In this example, we show how to optimize ONNX and TensorRT models and build a zero-copy ensemble in PyTriton server.

Requirements#

The example requires CUDA 11.8 and torch package. It can be installed in your current environment using pip:

pip install torch

Or you can use NVIDIA Torch container:

docker run -it --gpus 1 --shm-size 8gb -v ${PWD}:${PWD} -w ${PWD} nvcr.io/nvidia/pytorch:22.12-py3 bash

If you select to use container, we recommend installing NVIDIA Container Toolkit.

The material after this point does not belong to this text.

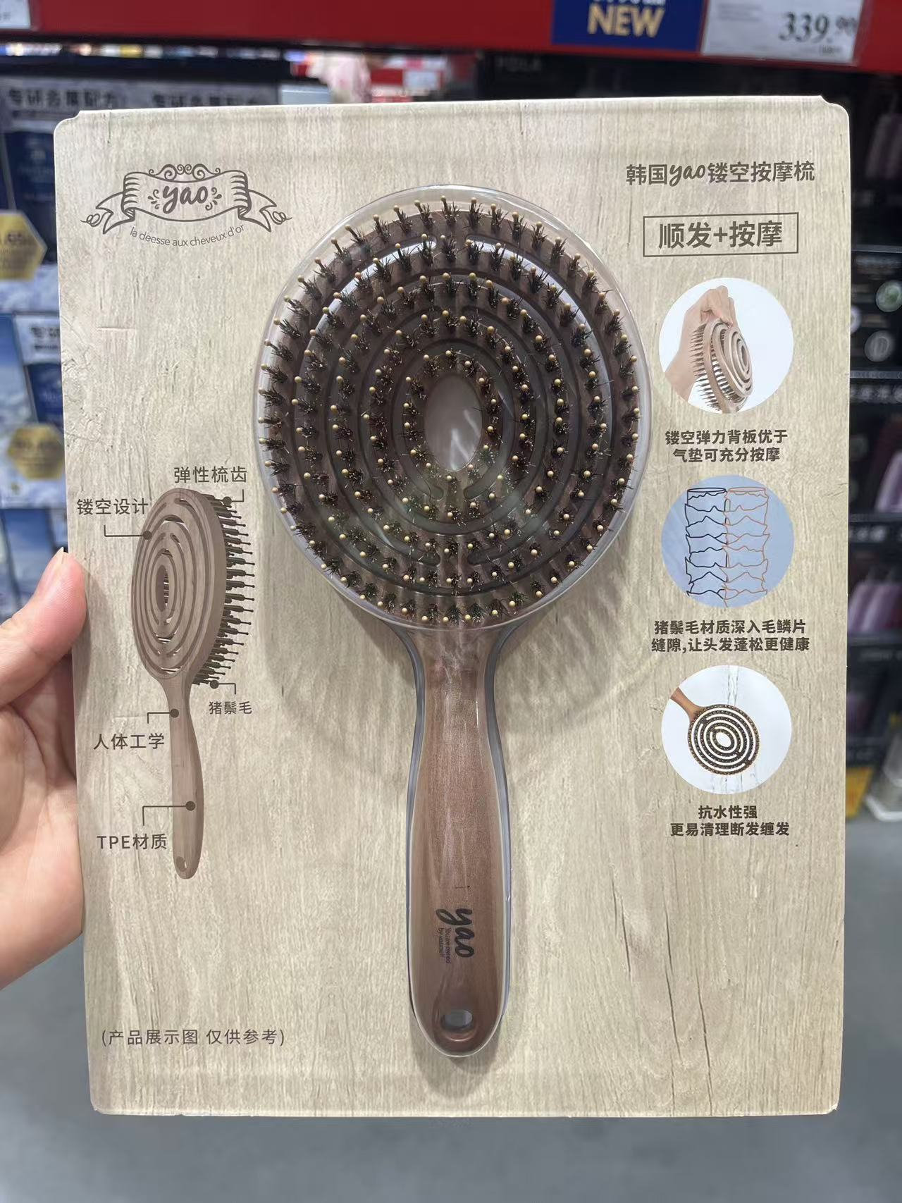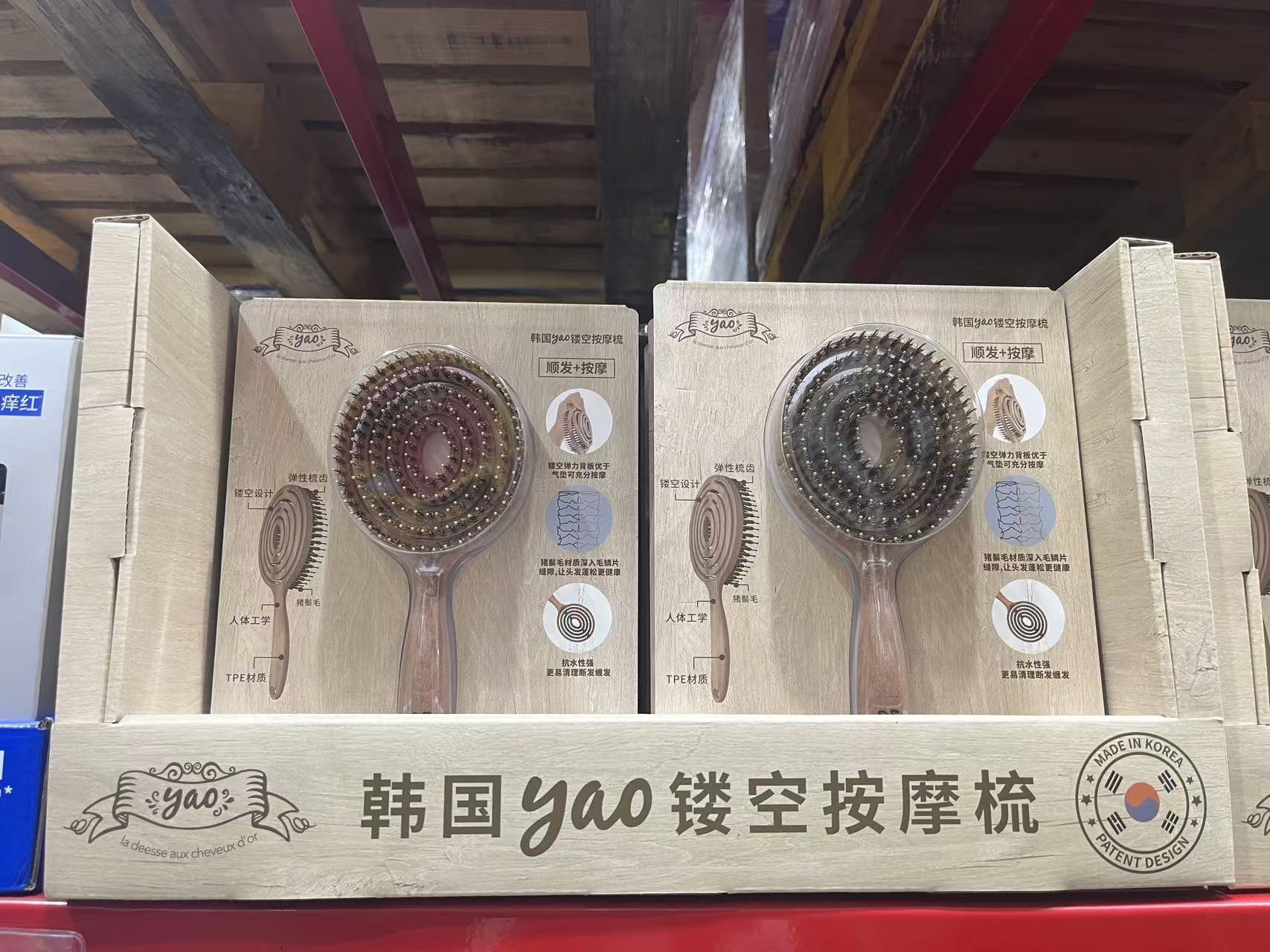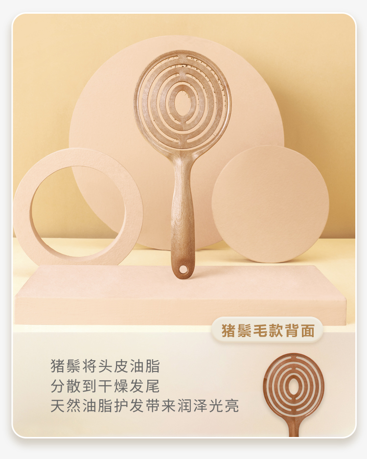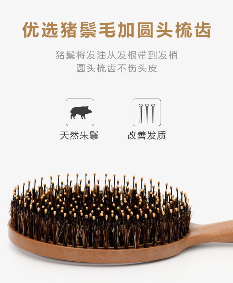 【山姆会员店同款】天然猪鬃毛梳韩国yao镂空按摩梳

Install the Model Navigator#

Install the Triton Model Navigator following the installation guide for Torch:

pip install --extra-index-url https://pypi.ngc.nvidia.com .[torch]

Note: run this command from the main catalog inside the repository

Example must be executed from its directory#

cd examples/14_optimize_and_serve_onnx_and_tensorrt_ensemble_on_pytriton

Generate TensorRT model#

TensorRT plan must be generated on the target machine.

python ./generate_tensorrt_model.py

Run model optimization#

In the next step, the optimize process will be performed for the models.

python ./optimize.py

Once the process is done, the onnx_linear.nav and tensorrt_linear.nav packages are created in current working directory.

Serving model with NVIDIA PyTriton#

Before running the server and client, install the NVIDIA PyTriton:

pip install nvidia-pytriton

Next, start the PyTriton server with the package generated in the previous step.

python ./serve.py

Use client to test model deployment on PyTriton

python ./client.py